◆ Exercise description ◆
Word for word, restate the lines of the listing below from the line with "This tattoo shows" through the line with "Ярким представителем подобных", and do not include the pictures.

◆ Exercise inputs ◆
--
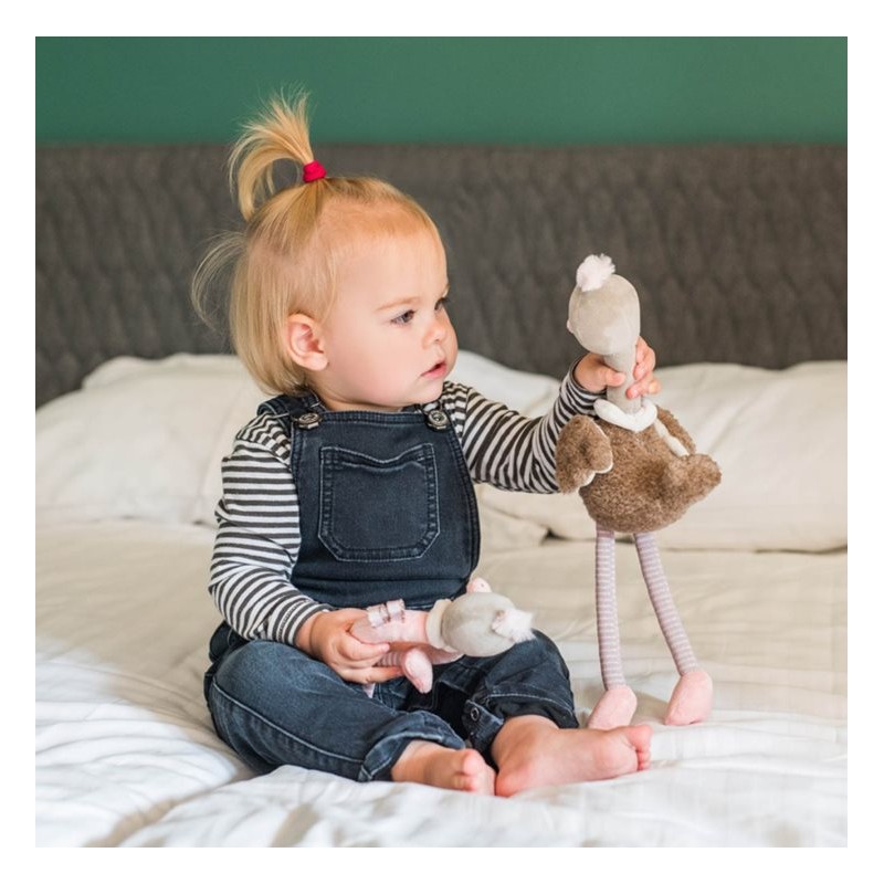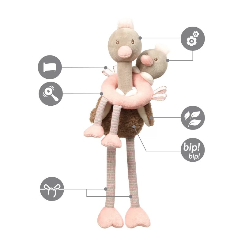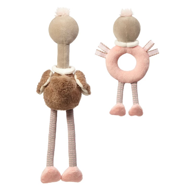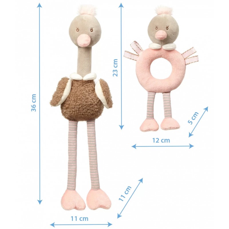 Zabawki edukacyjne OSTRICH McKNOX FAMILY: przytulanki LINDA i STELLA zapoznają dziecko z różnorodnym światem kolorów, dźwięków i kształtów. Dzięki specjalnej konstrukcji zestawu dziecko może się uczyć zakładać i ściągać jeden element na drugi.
--
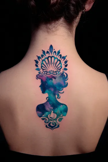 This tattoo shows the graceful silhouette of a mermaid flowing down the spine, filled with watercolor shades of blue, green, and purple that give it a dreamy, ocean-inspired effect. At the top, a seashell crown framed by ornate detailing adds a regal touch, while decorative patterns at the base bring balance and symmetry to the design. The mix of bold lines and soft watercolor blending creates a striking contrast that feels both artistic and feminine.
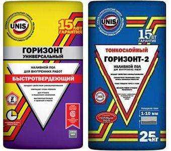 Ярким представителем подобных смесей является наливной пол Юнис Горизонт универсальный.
--
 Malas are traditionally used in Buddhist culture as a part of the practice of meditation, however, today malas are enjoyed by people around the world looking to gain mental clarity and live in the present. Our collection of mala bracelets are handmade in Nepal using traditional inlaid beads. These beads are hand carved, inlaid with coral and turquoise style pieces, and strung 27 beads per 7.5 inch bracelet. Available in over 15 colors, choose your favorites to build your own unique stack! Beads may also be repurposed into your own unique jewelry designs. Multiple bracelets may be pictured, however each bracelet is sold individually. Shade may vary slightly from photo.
--
◆ Reply ◆
 This tattoo shows the graceful silhouette of a mermaid flowing down the spine, filled with watercolor shades of blue, green, and purple that give it a dreamy, ocean-inspired effect. At the top, a seashell crown framed by ornate detailing adds a regal touch, while decorative patterns at the base bring balance and symmetry to the design. The mix of bold lines and soft watercolor blending creates a striking contrast that feels both artistic and feminine.
 Ярким представителем подобных смесей является наливной пол Юнис Горизонт универсальный.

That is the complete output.